Il maestro ricordò vagamente la forma di un traliccio, e per un attimo gli balenò che sì, dovevano esserci dei frisbee ingrassati tra un filo e l’altro. Dove, di preciso, non ricordava – all’incirca all’altezza della settima costola, sembrava dire il bambino.
«Io colleziono quei dischi.»
Il maestro era rimasto ancora ancorato al precedente concetto; quando la testa raggiunse le orecchie con uno scossone, Romerolago pensò al ragazzino che si arrampicava sui tralicci elettrici, e pensò se era il caso di avvertire i genitori dell’hobby estivo del figlio.
«E come li prendi, scusa?», disse lo yorkshire asmatico nella gola di Romerolago.
«Quando cadono a terra, no, maestro?»
Romerolago aggiornò l’archivio delle immagini raccapriccianti.
«A volte, sapete, mio zio mi accompagna. Lui conosce bene l’ambiente dei tralicci, ci sta dentro. È un pezzo grosso. Allora, maestro, mentre lui parla con gli operai io mi faccio accompagnare a raccogliere gli isolatori. Ne ho una mensola piena, a casa, signor maestro. E mi farebbe piacere» il ragazzino gonfiò il torace «se voi un giorno veniste a vederli.»
Il colletto impettito del ragazzino fu l’ultimo fotogramma del ricordo. Romerolago Diazi si ritrovò a guardare l’omino inamidato e trentenne con una smorfia di orrore.

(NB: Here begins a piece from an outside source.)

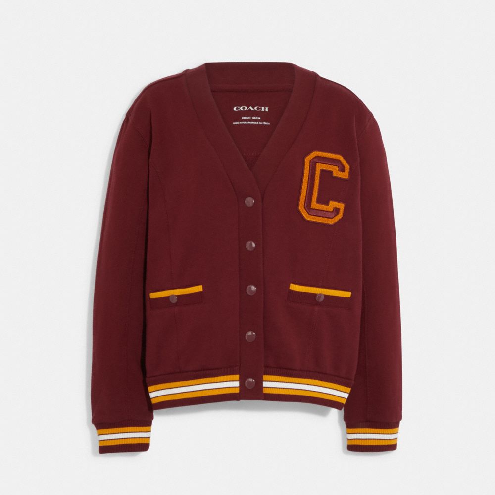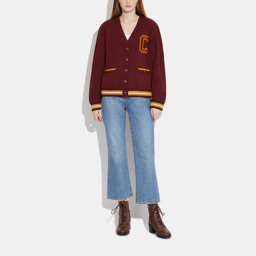 COACH FACTORY OUTLET PRICE CHART - CB584 - VARSITY LETTERMAN CARDIGAN - SANGRIA.

«Sì, mi ricordo di te», sussurrò. «Che cosa fai di bello, adesso?»
«Signor maestro!» l’omino scoppiò in un risolino eccitato. «Ho seguito la mia grande passione. Ho ereditato il posto di mio zio, lavoro con i tralicci della luce.»
L’ultima sillaba, in realtà, fu poco udibile, perché il musetto d’argento del bastone aveva già mandato i denti dell’omino ben oltre le sue tonsille. L’omino emise un grugnito bavoso, ma le orecchie flosce del coniglio sbattute violentemente contro le sue gli fecero perdere il fiato e l’orientamento. Più si afflosciava a terra, più Romerolago picchiava, ora con l’asta, ora con il pomello. Smise solo quando l’omino scoppiò in lacrime con la faccia nel fango, sputando sangue e denti.
Romerolago guardò il bastone, diviso a metà, e un inizio di starnuto gli fece presente che l’effetto dell’antistaminico stava per finire. Scelse con gli occhi un bel posto per sotterrare il bastone, ai piedi del tiglio, e conservò solo la testolina del coniglietto d’argento, che da quel giorno sorrise più forte.